- Green Growth
- Your Consultant
|Michael Piro - COO, Indochina Capital|
The government has taken many measures to reinvigorate the sector, positioning real estate and tourism as key pillars for economic recovery post-pandemic.
With fluctuations in gold prices and the stock market, a survey conducted in the last quarter of 2020 reveals real estate has become the leading investment channel for individual investors. Despite record amounts of new accounts every month on the VN-Index, 57 per cent of the survey’s respondents still consider real estate as their first choice of investment.
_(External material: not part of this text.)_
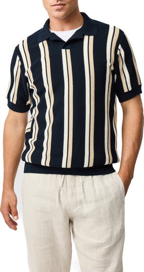 An open johnny collar furthers the relaxed vibes of this polo with vertical stripes that give your laid-back look a bold stamp.

The property market showed signs of heating up in the last quarter of 2020 and the outlook for 2021 is bullish as low-interest rates on real estate loans with flexible payment structures are likely to be maintained throughout the year. Tailwinds from new legislations, including the revised Law on Investment and new instructions for the implementation of the Law on Land, are expected to help real estate market thrive.
Since August, absorption rates in Ho Chi Minh City have shown signs of recovery and with the tightening of legal procedures, supply will remain relatively low. Prices are forecast to slightly increase as the residential sector continues to lead in terms of demand.
Vietnam has shown great management and resilience against the pandemic, which has helped trigger more foreign interest in real estate. Rental yields in Vietnam remain higher than in markets such as Hong Kong and Singapore while asking prices are as low as 20 per cent of prices in these neighbouring markets.
Individual foreign investors, particularly from more mature Asian markets, see extensive opportunities in Vietnam and have been looking into purchasing residential products as an investment. Many buyers have pending purchases in Vietnam but have not been able to travel due to the country’s closed borders.
Since 2015, about 80 per cent of foreign residential sales have been in Ho Chi Minh City, but well-known developers in Hanoi are beginning to step up to the plate and welcome foreign investors from Taiwan, Hong Kong, Singapore, and mainland China.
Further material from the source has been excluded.